Only one span is wanted from the lines below: from the one with "A ocorrência envolveu" up to and including the one with "車(chē)圈春晚今天見(j". Copy it exactly, without images.

────────────────

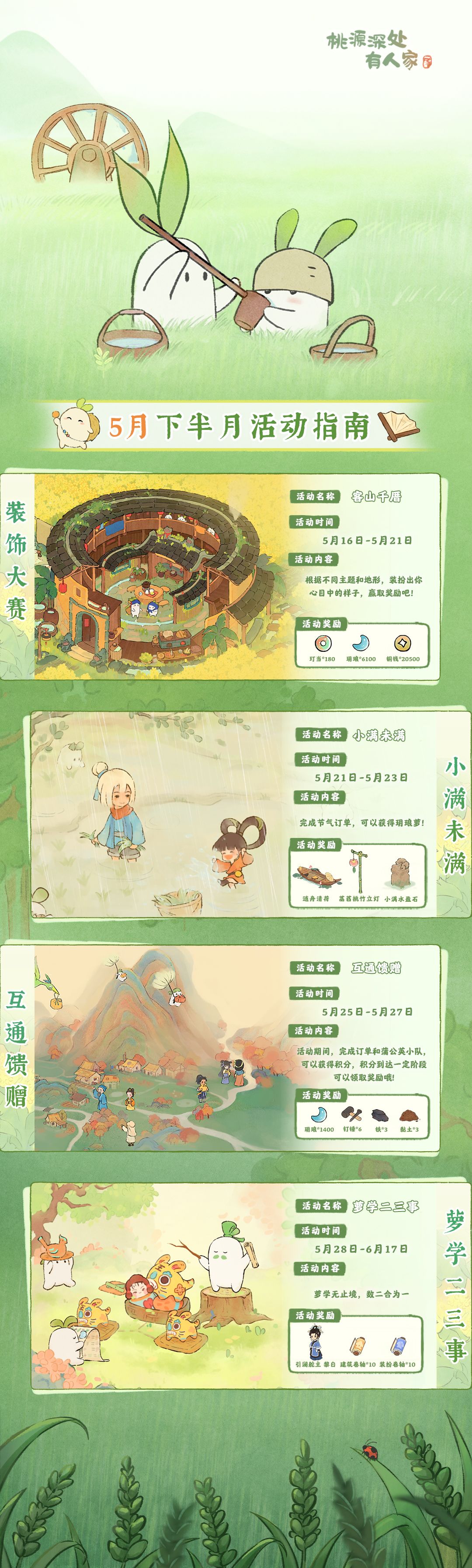 为了防止山民错过时间,小萝卜特意制作了五月下半月活动日历,有需要的山民可以收藏日历哟!
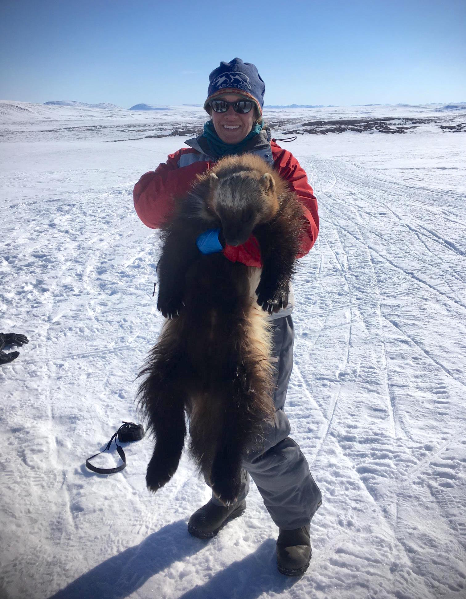 Jennifer Baldacci holds an anesthetized wolverine. Toolik Field Station, Alaska.
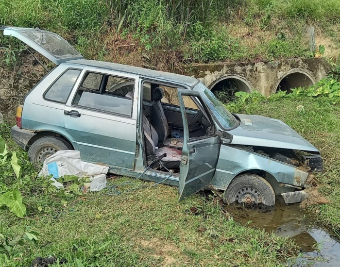 A ocorrência envolveu um Fiat Uno, com placas de Tubarão, que saiu da pista e caiu de uma altura aproximada de três metros.
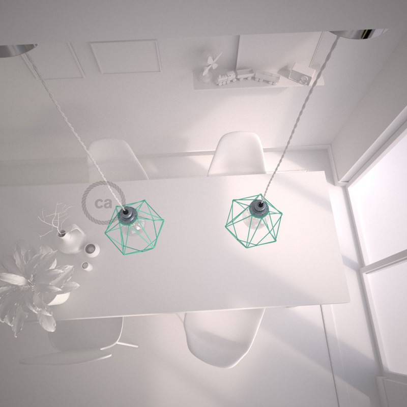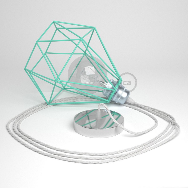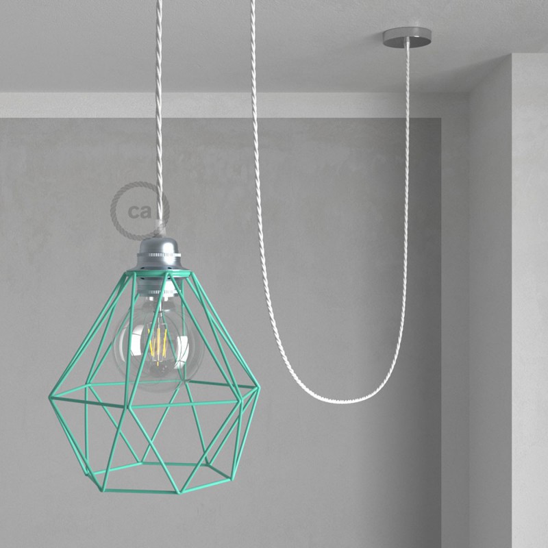 Viseća lampa s ukrasnim kavezom Diamant - tirkizna s bijelim pamučnim TC01 kabelom
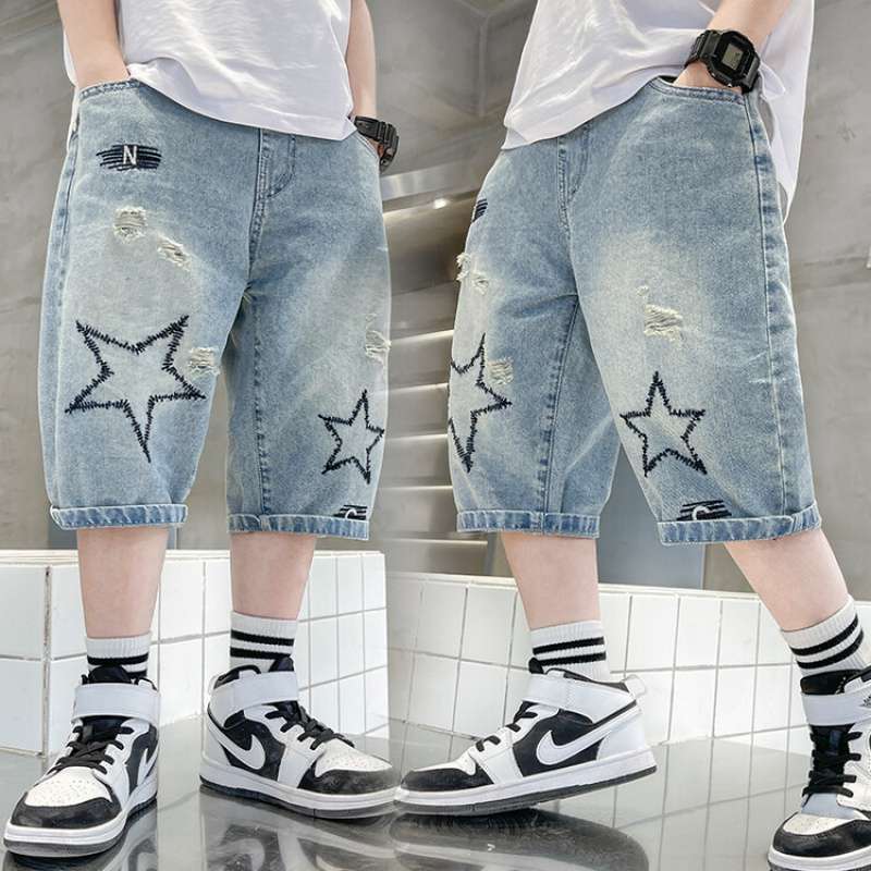 Children’s Denim Shorts Casual Summer Middle and Big Children’s Thin Loose Fashionable Shorts with Hole Handsome Fashionable Shorts
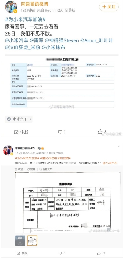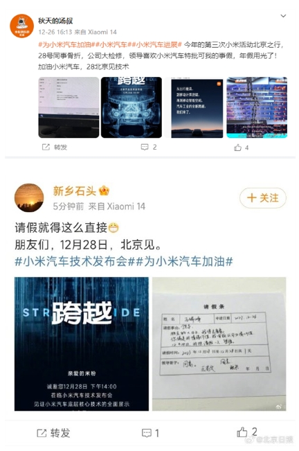 車(chē)圈春晚今天見(jiàn)!米粉花式請假參加小米汽車(chē)技術(shù)發(fā)布會(huì ):見(jiàn)證歷史性時(shí)刻
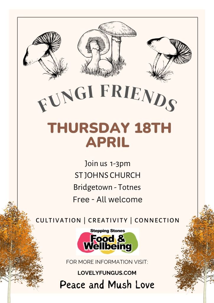 Thanks for your interest in this offering and I hope to see you on Thursday 18th April 2024 for a lovely gathering of fungi friends. We start at 1pm and finish at 3pm – you’re welcome to join at any point. Also, if you’d like to come and get some soup, a cheese toastie and whatever other tasty treats are on offer from the Stepping Stones Cafe then you’re very welcome to come along from 12 midday.
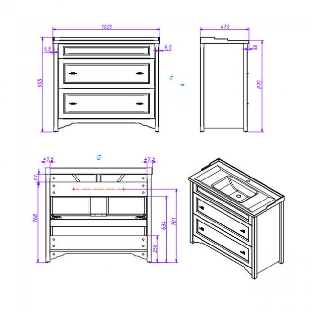 - Габаритные размеры тумба + раковина, ш/г/в, в см: 102,5/47/90,5
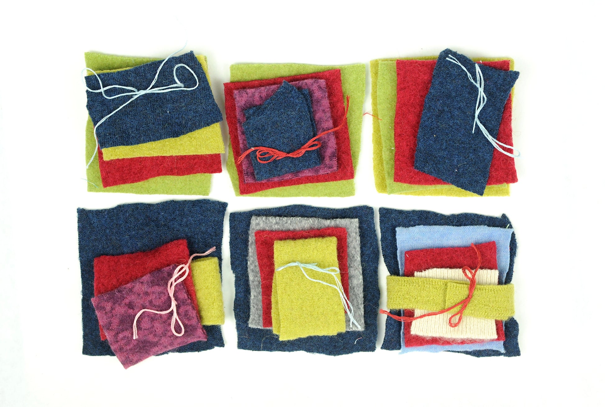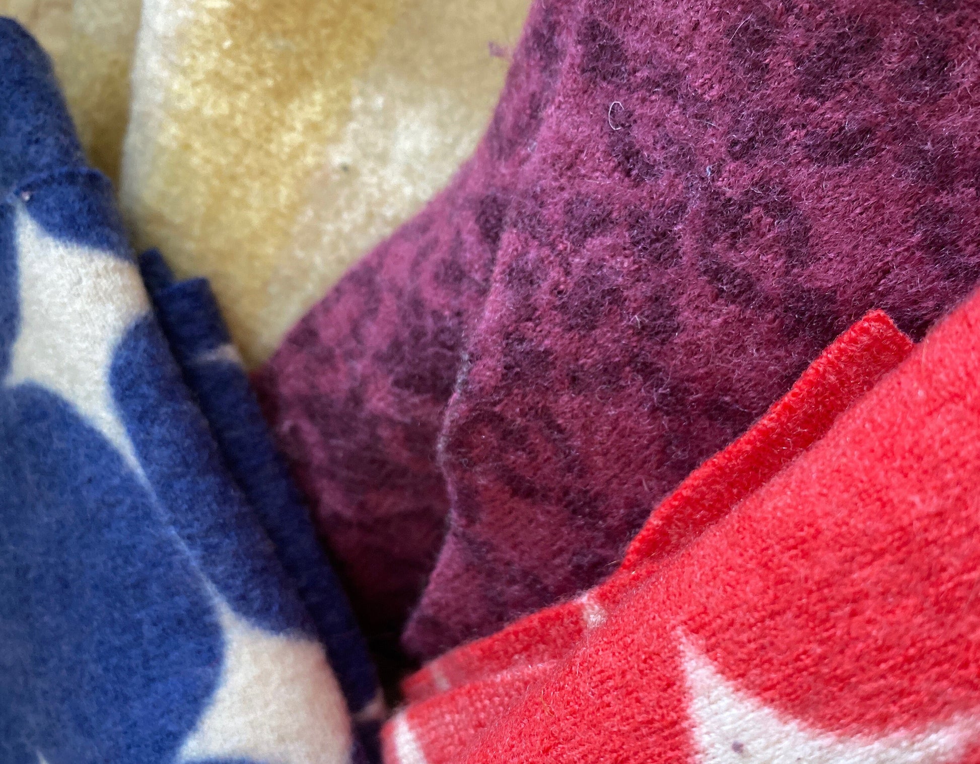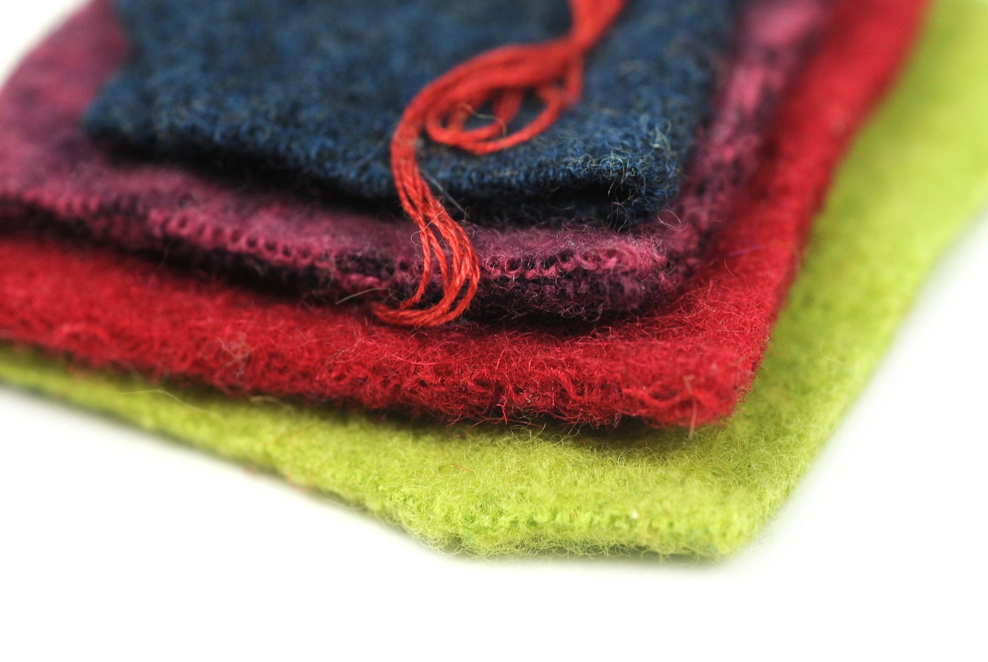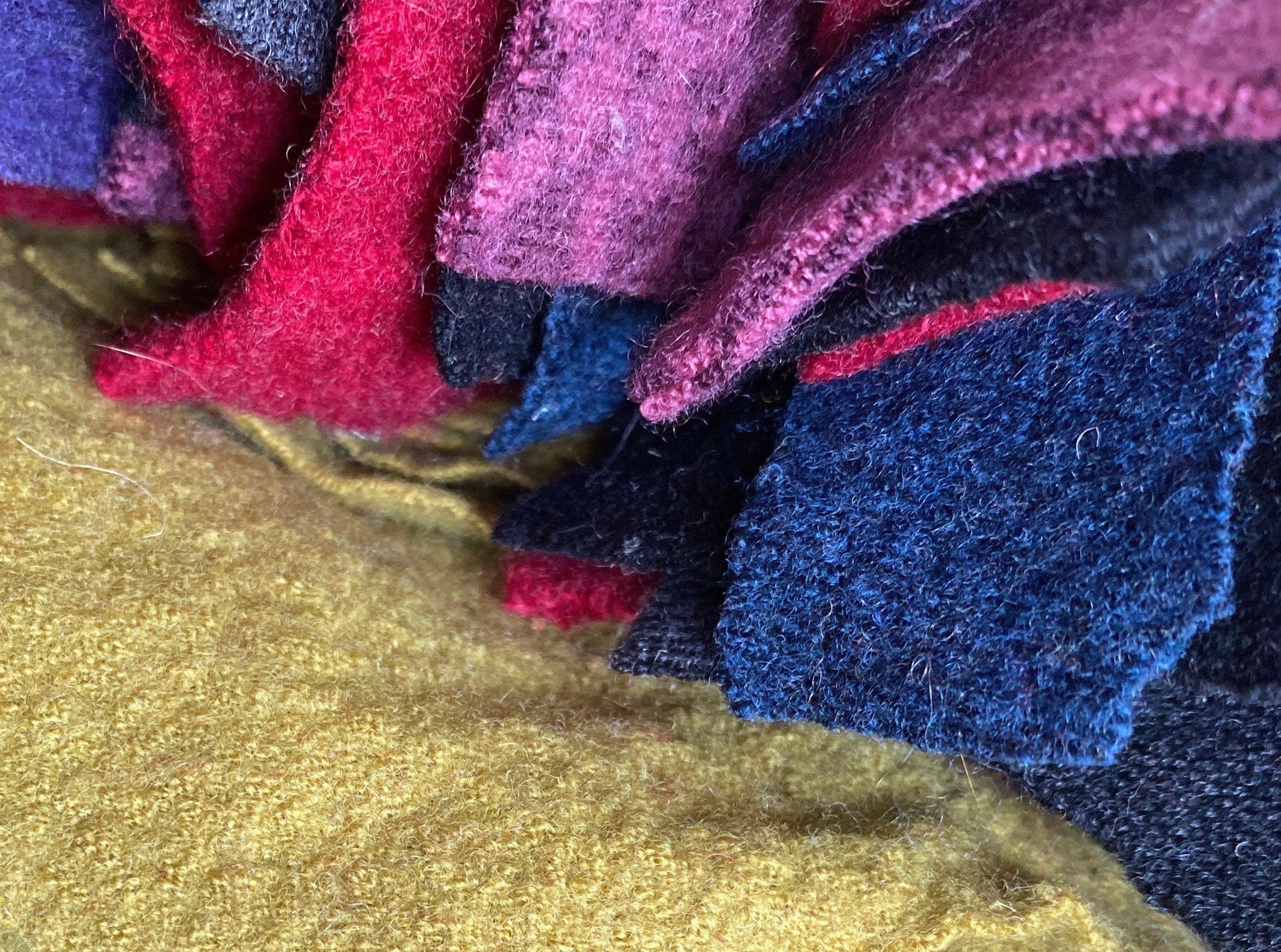 When you purchase this item, you'll receive four secondhand-sourced, felted wool patches in colors similar to those shown. Size of felted wool swatches ranges from 2” inches square to 16” square, and will tally at least 10 grams (about 1/3 oz).

────────────────

◆ WRITTEN SOLUTION:
 A ocorrência envolveu um Fiat Uno, com placas de Tubarão, que saiu da pista e caiu de uma altura aproximada de três metros.
 Viseća lampa s ukrasnim kavezom Diamant - tirkizna s bijelim pamučnim TC01 kabelom
 Children’s Denim Shorts Casual Summer Middle and Big Children’s Thin Loose Fashionable Shorts with Hole Handsome Fashionable Shorts
 車(chē)圈春晚今天見(jiàn)!米粉花式請假參加小米汽車(chē)技術(shù)發(fā)布會(huì ):見(jiàn)證歷史性時(shí)刻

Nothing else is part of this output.